A 9.5 yr old female spayed Yorkshire terrier was presented for a 2 mo history of progressive weakness and persistent hypoglycemia on serial blood work. Previous history included chronic intermittent vomiting and lethargy for 1.5 yr. These episodes of vomiting and lethargy occurred every 3 to 4 mo and were suspected to be secondary to mild pancreatitis and/or gastroenteritis, because signs would resolve with medical management (gastroprotectants, antiemetics, fluid therapy, and a bland diet).

Initial diagnostics included complete blood cell count and urinalysis, which were within normal limits, and a chemistry panel, which showed a marked hypoglycemia of 39 mg/dL (reference 70–138 mg/dL) and hypophosphatemia of 1.4 mg/dL (reference 2.5–6.0 mg/dL). A resting cortisol and serum bile acids were within normal limits. A sample of serum insulin and blood glucose were measured concurrently for an amended insulin to glucose ratio. Serum insulin levels revealed elevated insulin of 49.0 μU/mL (reference 7.5–20 μU/mL) and hypoglycemia of 51 mg/dL (reference 70–138 mg/dL), consistent with an insulinoma.

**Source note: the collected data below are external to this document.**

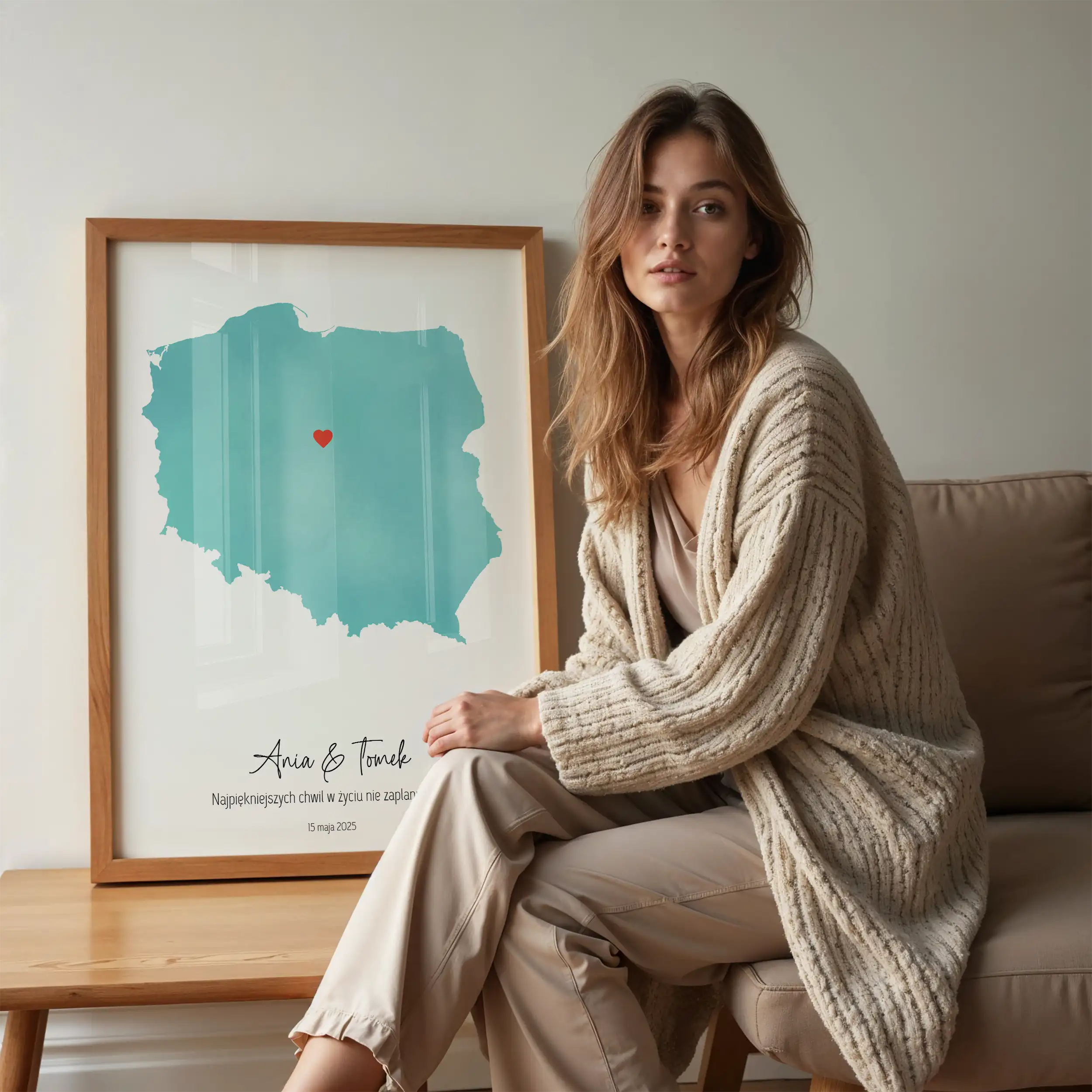 Szukasz jedynego w swoim rodzaju, wspaniałego prezentu? Nie szukaj dalej! Nasza Personalizowana Mapa - Akwarela to idealny wybór. W zaledwie kilku prostych krokach możesz stworzyć piękny i spersonalizowany nadruk, który pozostawi ogromne wrażenie na Twoich bliskich. Niezależnie od tego, czy jest to specjalna okazja, czy po prostu chęć okazania uznania, ta Personalizowana Mapa - Akwarela jest przemyślanym i niezapomnianym prezentem.
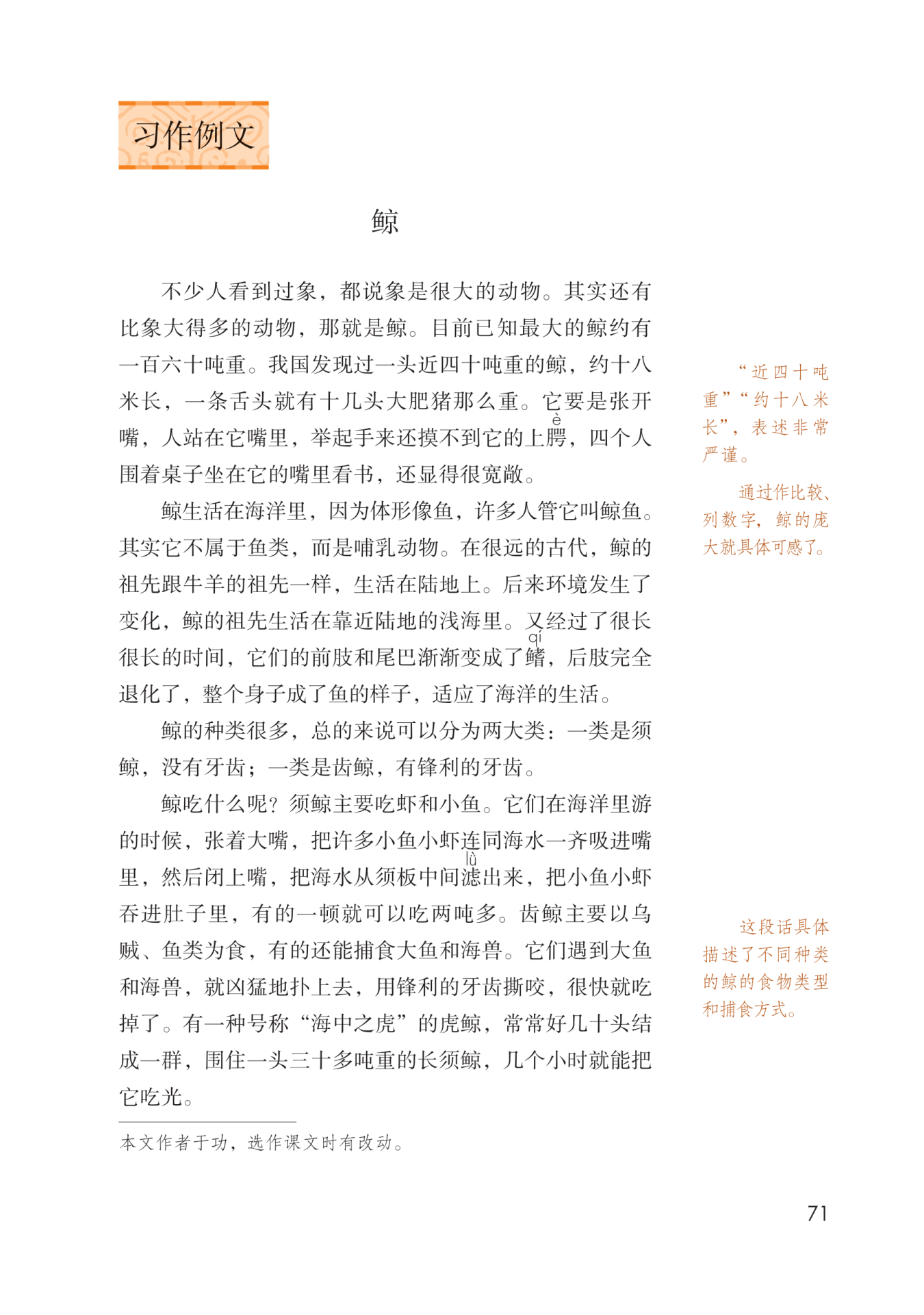 这里作者运用作比较的说明方法,将不熟悉的事物与熟悉的事物相比较,由象“很大”到鲸“比象大得多”,以此来说明鲸之庞大。这样写,给人留下了鲜明的印象。
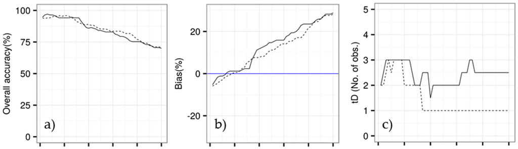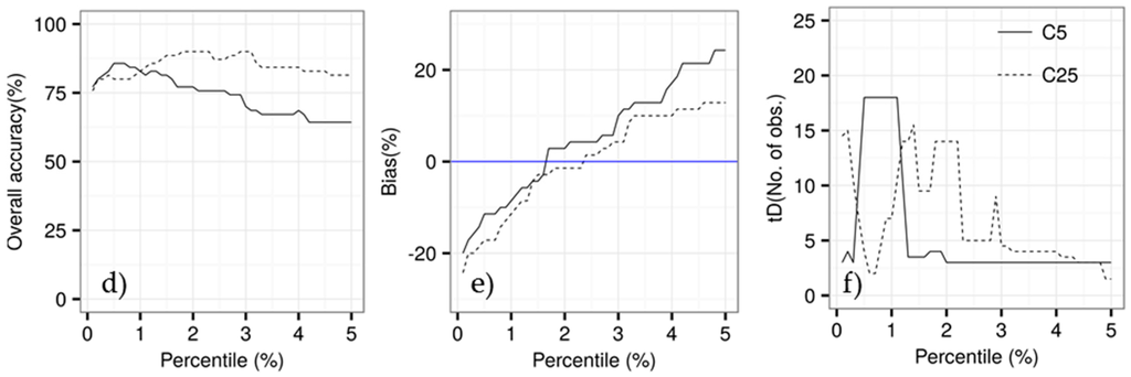 Figure 6 shows an example of how overall accuracy, bias, and median temporal detection delay were changing in relation to the percentile threshold. Here, we only show examples for the smallest (C5) and largest (C25) cubes for each study site. Generally, larger percentiles produced lower overall accuracy (Figure 6a,d) and shorter median temporal detection delay (Figure 6c,f), except for the C25 at Brazilian site. Deforestation events were increasingly being omitted (negative bias) when using smaller percentiles (Figure 6b,e).
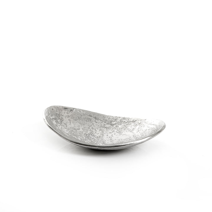 صحن معدني بيضاوي أنيق باللون الفضي، مثالي للتقديم أو التزيين أو ترتيب الأدوات الصغيرة. يتميز بتشطيب ناعم ولمعان راقٍ يضفي لمسة عصرية على أي مساحة، مناسب للاستخدام اليومي والمناسبات الخاصة.
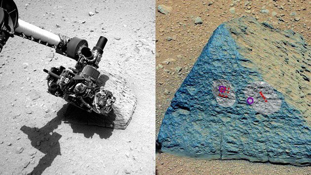 El robot Curiosity utilizó su potente láser para pulverizar una roca del tamaño de una pelota de tenis a fin de calibrar su correcto funcionamiento antes de emprender su primera misión de exploración en Marte en busca de minerales que puedan revelar secretos sobre el planeta rojo.
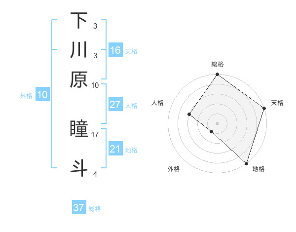 下川原 瞳斗さんを姓名の画数から五運を鑑定
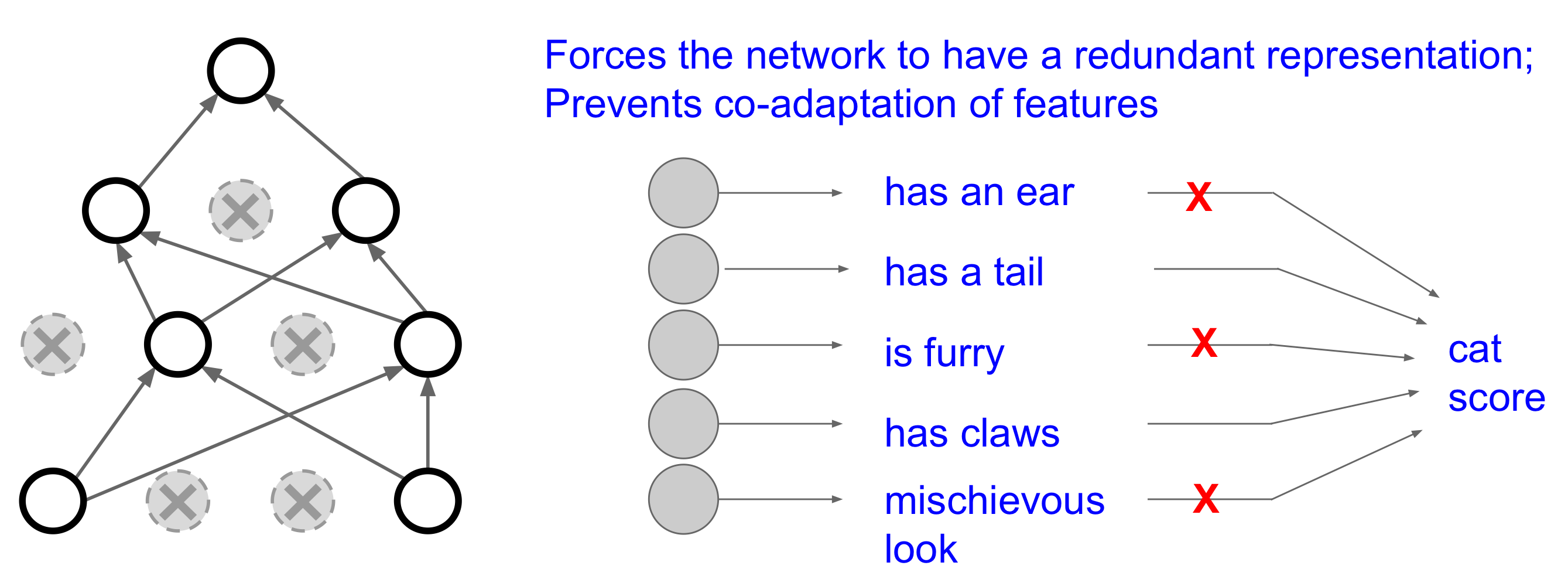 p의 확률로 neuron이 active될지가 정하는 방법으로 regularization이 가능하게 만든다. 결국 더 간단하게 모델을 만드는 것이 목표이므로, 특정 class를 분류하는데 사용하지 않는 neuron들은 이용하지 않음으로써 과적합을 맞고 필요한 특성들만 사용하게 만드는 방식이다 ! 5. Dropout and Batch Normalization

Because of the high suspicion for an insulinoma, a triple-phase computed tomography (CT) scan of the thorax and abdomen was performed for diagnostic staging and surgical planning. The pancreatic triple-phase CT was performed according to a previously described method.¹³ A noncontrast scan was run before iodinated contrast administration. Iohexol^a was used as the contrast medium at a dose of 2 mL/kg and injected over 5 s. Scan delay was fixed and set as 15 s for the arterial phase, 30 s for the pancreatic phase, and 90 s for the delayed phase after contrast medium injection started. CT revealed a 5 mm diameter, hypoattenuating nodule with marginal ring enhancement in the body of the pancreas. The nodule was isoattenuating on the precontrast scan and consistently hypoattenuating with marginal ring enhancement in the arterial, pancreatic, and delayed phases. Although the nodule was hypoattenuating compared with surrounding pancreatic parenchyma, precontrast Hounsfield unit was 50, and >100 Hounsfield unit in the pancreatic phase. Thus, differentials for the current nodule on CT included probable insulinoma versus less likely nodular hyperplasia and adenoma. The right kidney had mild peridiverticular mineralization; otherwise, all other structures, including the liver and all regional peripancreatic and hepatic lymph nodes, were within normal limits.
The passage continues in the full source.